All of the listing should be returned as written, apart from any picture in it.

→ Raw data:
○ ○ ○ ○ ○ ○ ○

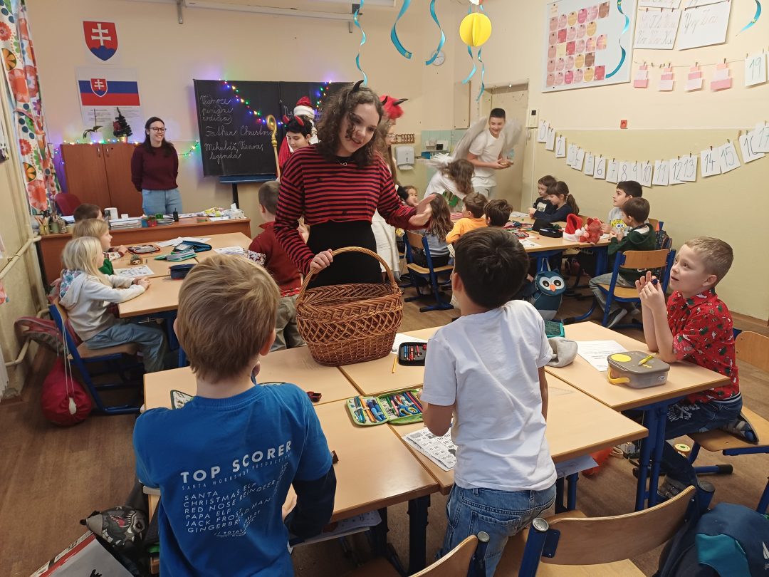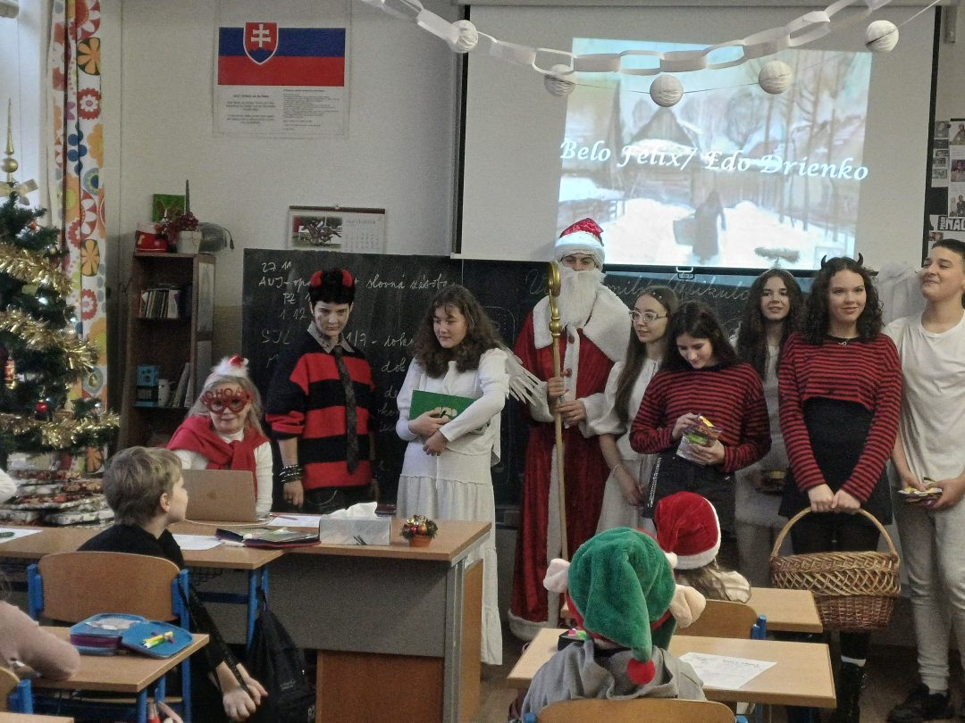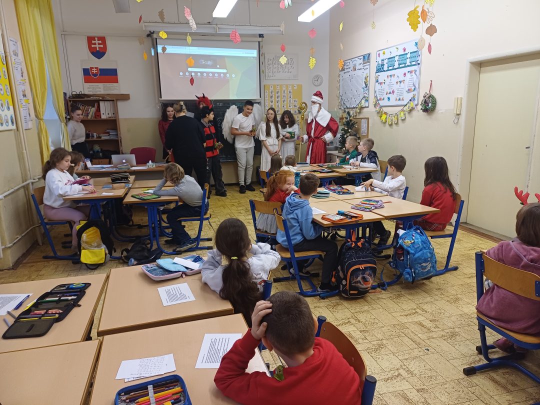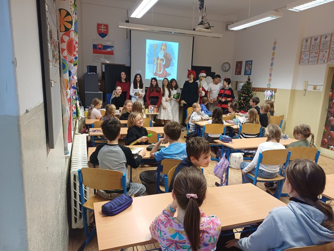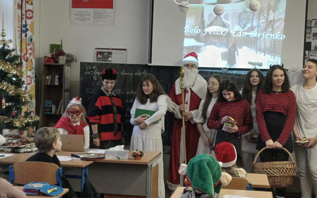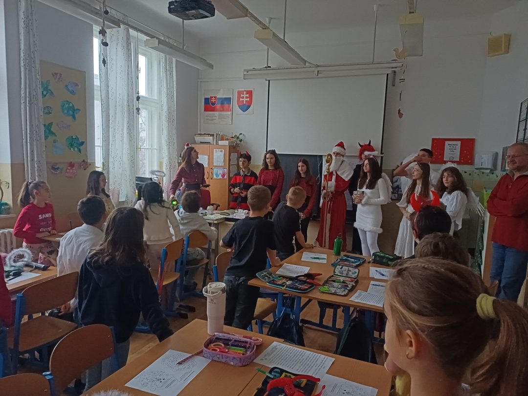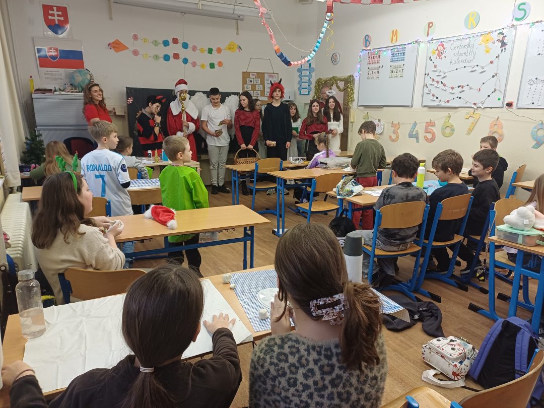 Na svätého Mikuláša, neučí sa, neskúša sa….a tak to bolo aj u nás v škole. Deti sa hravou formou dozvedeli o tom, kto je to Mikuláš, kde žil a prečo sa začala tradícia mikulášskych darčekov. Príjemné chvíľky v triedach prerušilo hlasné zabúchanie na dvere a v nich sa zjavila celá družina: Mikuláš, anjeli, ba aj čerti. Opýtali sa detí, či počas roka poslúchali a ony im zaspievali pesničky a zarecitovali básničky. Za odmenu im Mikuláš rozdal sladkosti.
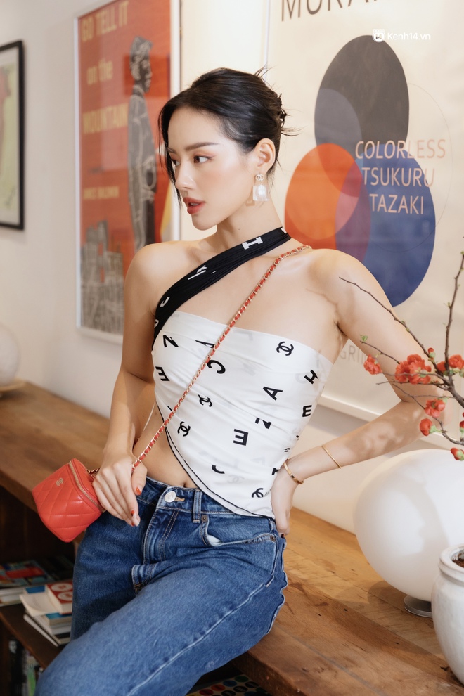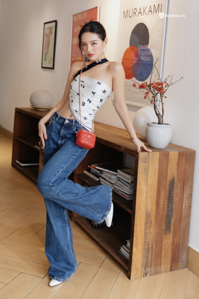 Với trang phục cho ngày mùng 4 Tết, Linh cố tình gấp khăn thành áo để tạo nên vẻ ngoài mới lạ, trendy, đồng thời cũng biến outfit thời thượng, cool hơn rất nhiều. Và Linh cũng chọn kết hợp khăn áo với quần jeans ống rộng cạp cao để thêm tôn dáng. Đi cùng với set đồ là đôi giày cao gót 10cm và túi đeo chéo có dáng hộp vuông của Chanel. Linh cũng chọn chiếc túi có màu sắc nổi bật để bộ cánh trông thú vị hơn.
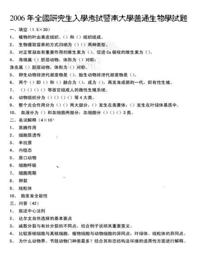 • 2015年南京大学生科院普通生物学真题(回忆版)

○ ○ ○ ○ ○ ○ ○

→ Answer to this problem:
 Na svätého Mikuláša, neučí sa, neskúša sa….a tak to bolo aj u nás v škole. Deti sa hravou formou dozvedeli o tom, kto je to Mikuláš, kde žil a prečo sa začala tradícia mikulášskych darčekov. Príjemné chvíľky v triedach prerušilo hlasné zabúchanie na dvere a v nich sa zjavila celá družina: Mikuláš, anjeli, ba aj čerti. Opýtali sa detí, či počas roka poslúchali a ony im zaspievali pesničky a zarecitovali básničky. Za odmenu im Mikuláš rozdal sladkosti.
 Với trang phục cho ngày mùng 4 Tết, Linh cố tình gấp khăn thành áo để tạo nên vẻ ngoài mới lạ, trendy, đồng thời cũng biến outfit thời thượng, cool hơn rất nhiều. Và Linh cũng chọn kết hợp khăn áo với quần jeans ống rộng cạp cao để thêm tôn dáng. Đi cùng với set đồ là đôi giày cao gót 10cm và túi đeo chéo có dáng hộp vuông của Chanel. Linh cũng chọn chiếc túi có màu sắc nổi bật để bộ cánh trông thú vị hơn.
 • 2015年南京大学生科院普通生物学真题(回忆版)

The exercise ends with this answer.